The deal announced on Thursday calls for the bank, the second largest in the United States, to pay a $9.65 billion cash penalty, and provide about $7 billion of relief to struggling borrowers.
The settlement is by far the largest deal the Justice Department has reached with a bank over the 2008 mortgage meltdown. In the last year, JPMorgan Chase & Co. agreed to a $13 billion settlement while Citigroup reached a separate $7 billion deal.
The settlement is about the same as the bank’s total profit from the past three years.
The settlement resolves one of at least two dozen additional investigations by prosecutors nationwide, according to the New York Times.
The deal requires Bank of America to acknowledge making serious misrepresentations about the quality of its residential mortgage-backed securities issued by itself and by Countrywide Financial and Merrill Lynch. Those institutions were acquired by the bank when they were on the brink of failure in 2008 and they were responsible for the bulk of the questionable loans.
The deals are intended to offer some financial relief to homeowners, whose mortgages were bundled into securities by the banks in question and then sold to investors.
The securities contained residential mortgages from borrowers who were unlikely to be able to repay their loans. Still, the securities were promoted as relatively safe investments until the housing market collapsed and investors suffered billions of dollars in losses.
The poor quality of the loans led to huge losses for investors and a slew of foreclosures, kicking off the recession that began in late 2007. The cash totals now being paid by some of the country's largest banks are not nearly enough to reverse the damages caused by the bursting of the housing bubble and the ensuing recession.
For the Justice Department, which has been criticized for what has appeared to be a less than hard-charging response to the financial meltdown, which was the worst since the 1930s. The recession saw economies teetering, housing prices plummet and millions lose their jobs in the worldwide fallout.
For Wall Street, it is less a defeat than yet another warning that the piper will probably have to be paid. Citigroup and JPMorgan Chase have settled similar cases, and reports say Goldman Sachs and Wells Fargo are due for government scrutiny.

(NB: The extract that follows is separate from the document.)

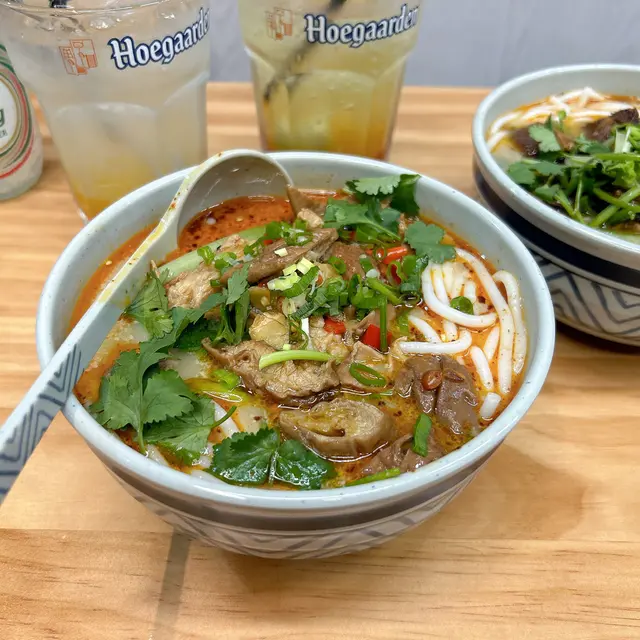 大埔又開咗新餐廳,位於八號花園,環境整潔、光線充足,令人感覺舒服。見到佢哋主打用豬骨熬煮嘅湯底,我呢個米線狂熱者就梗係要試吓!酸辣肥腸粉 (小辣) $60先講湯底,佢哋嘅小辣真係唔係講笑,再加上酸辣湯底,係加倍惹味,同埋真係幾辣,我係一路食一路流晒眼淚鼻涕,但都停唔到口,不過酸味可以再重啲。份量超多呀,肥腸洗得好乾淨,唔會有腥味同臭味。而且醃得好入味,煮得好淋身,滿意!紅燒牛腩粉 (小辣) $60呢碗嘅湯頭同另一碗一樣,不過冇咗酸辣味,同樣都係小辣,但都係幾刺激下🤣朋友唔鍾意食肥肉,佢哋每一舊牛腩都肥瘦均勻,瘦得來唔會柴,又係好入味同淋身,只係牛腩份量可以再多一啲,但都係用心之作。肥腸粉同牛腩粉都係比較粗身嘅粉,有啲似瀨粉,似保留左一啲咬口既粗米線。涼拌土豆絲 (小辣) $30香辣爽脆既土豆絲有少許酸味再加上辣油,非常開胃。手打牛丸 $75手打牛丸係佢地既招牌菜,簡直係必試!我哋叫既兩碗粉都加咗辣,試唔到佢哋自家熬製嘅豬骨湯,點知牛丸嘅湯就係呢碗冇味精嘅豬骨湯。湯底好香濃,可以就咁飲都唔會覺得口渴,牛丸爽口彈牙,物超所值!芒果梳打 $15菠蘿梳打 $15喺大埔諗唔到食咩可以試吓黔滋味,用心製作嘅小店,真係會有驚喜。…Read More

In July, Citigroup agreed to pay $7 billion to settle a U.S. government investigation into securities backed by risky subprime mortgages. In that settlement, Citigroup agreed to make a $4 billion civil monetary payment to the Justice Department, give an additional $500 million in compensatory payments to the state's attorney general and the Federal Deposit Insurance Corporation, and provide $2.5 billion in consumer relief, which was specified to include financing for construction and preservation of affordable housing as well as principal reduction and forbearance for residential loans.
In November, JPMorgan Chase agreed to pay a $13 billion settlement over mislabeled mortgage securities that federal and state authorities said stoked the financial crisis. The deal included $9 billion in payments to authorities and $4 billion in relief to consumers – mainly homeowners – harmed by the conduct of JPMorgan and the two failed banks it took over during the crisis, Bear Stearns and Washington Mutual.